The IBN and IBM scientists have filed a patent on their hydrogel technology and would like to engage pharmaceutical companies to further develop the hydrogel for future clinical applications. Specifically, the researchers would like to use their hydrogel formulation to deliver antibodies subcutaneously to improve disease treatment efficacy and patient compliance.

Abstract of Advanced Functional Materials paper

In this study, ‘ABA’-type triblock copolymers of vitamin E-functionalized polycarbonate and poly(ethylene glycol), i.e., VitEm-PEG-VitEm, with extremely short hydrophobic block VitEm, are synthesized and employed to form physically cross-linked injectable hydrogels for local and sustained delivery of Herceptin. The hydrogels are formed at low concentrations (4–8 wt%). By varying polymer composition and concentration, the rheological behavior, porosity, and drug release properties of hydrogels are readily tunable. The in vitro antitumor specificity and efficacy of Herceptin in hydrogel and solution are investigated by MTT assay against normal and human breast cancer cell lines with different HER2 expression levels. The results demonstrate that the Herceptin-loaded hydrogel is specific towards HER2-overexpressing cancer cells and cytotoxic action is comparable to that of the Herceptin solution. The biocompatibility and biodegradability of hydrogel are evaluated in mice with subcutaneous injection by histological examination. It is observed that the hydrogel does not evoke a chronic inflammatory response and degrades within 6 weeks post administration. Biodistribution and anti-tumor efficacy studies performed in BT474 tumor-bearing mice show that single subcutaneous injection of Herceptin-loaded hydrogel at a site close to the tumor enhances the retention of the antibody within the tumor. This leads to superior anti-tumor efficacy as compared to intravenous (i.v.) and subcutaneous (s.c.) delivery of Herceptin in solution. The tumor size shrank by 77% at Day 28. When the hydrogel is injected at a distal location away from the tumor site, anti-tumor efficacy is similar to that of weekly i.v. injections of Herceptin solution over 4 weeks, with the number of injections reduced from 4 to 1. These findings suggest that this hydrogel has great potential for use in subcutaneous and sustained delivery of antibodies to increase therapeutic efficacy and/or improve patient compliance.

Dr Yi Yan Yang, Group Leader, Institute of Bioengineering and Nanotechnology:

1. What are the practical uses of this innovation?

This technology can be used to deliver a range of therapeutics, including small molecular (anticancer drugs or antibiotics) and macromolecular (mAbs) drugs, in a sustained release manner.

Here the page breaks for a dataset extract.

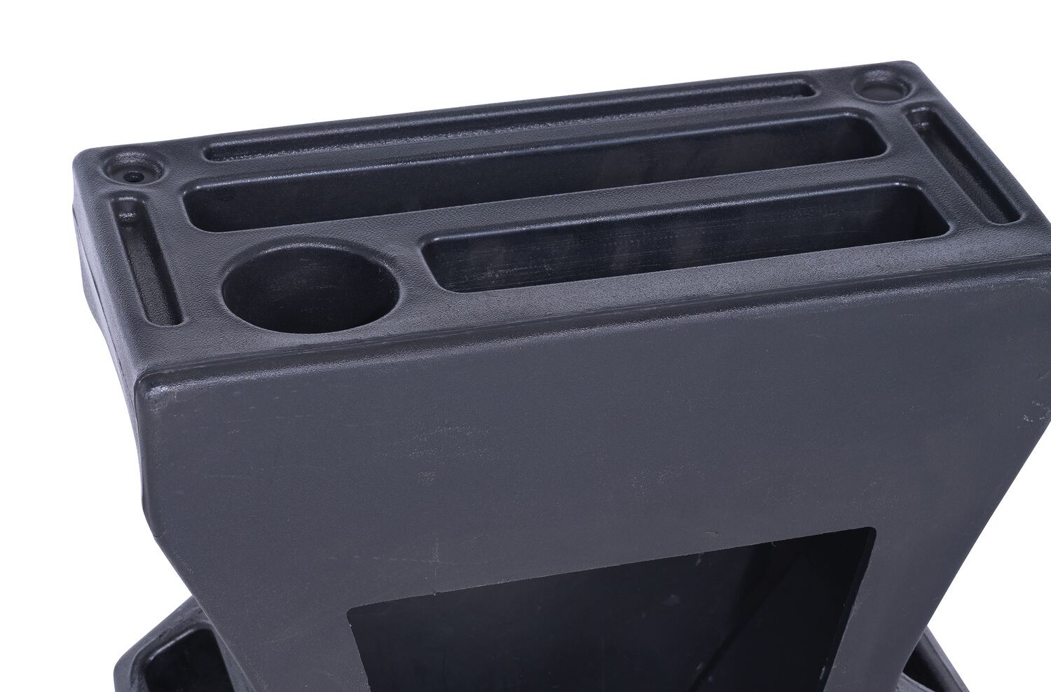 Recycled Plastic Pallet Truck Caddy 8-3/4 In. x 16-1/8 In. x 18-5/8 In. BlackThe pallet truck caddy is an economical product that will convert a standard pallet truck into a portable workstation in minutes. It has been designed with user efficiency and convenience in mind. It easily attaches to virtually any type of pallet truck with hardware included. Features beverage holder, tool pockets, pen and pencil tray, and clipboard holder.

The hydrogel formulation can be administered via injection or topically.

Sustained release of therapeutics is expected to provide better efficacy and improve patient compliance.

2. When can we expect this innovation to be available commercially?

We are looking for partners that can help advance the technology for final clinical application.

3. How does this innovation compare to others?

This hydrogel has unique rheological or flow property that allows it to be transformed from a gel to a liquid via shear stress, i.e. enabling injection via a syringe, it causes minimal immune response, allows sustained delivery and degrades after use. It is made of polymer at lower concentrations than other hydrogel technologies due to the presence of hydrophobic vitamin E.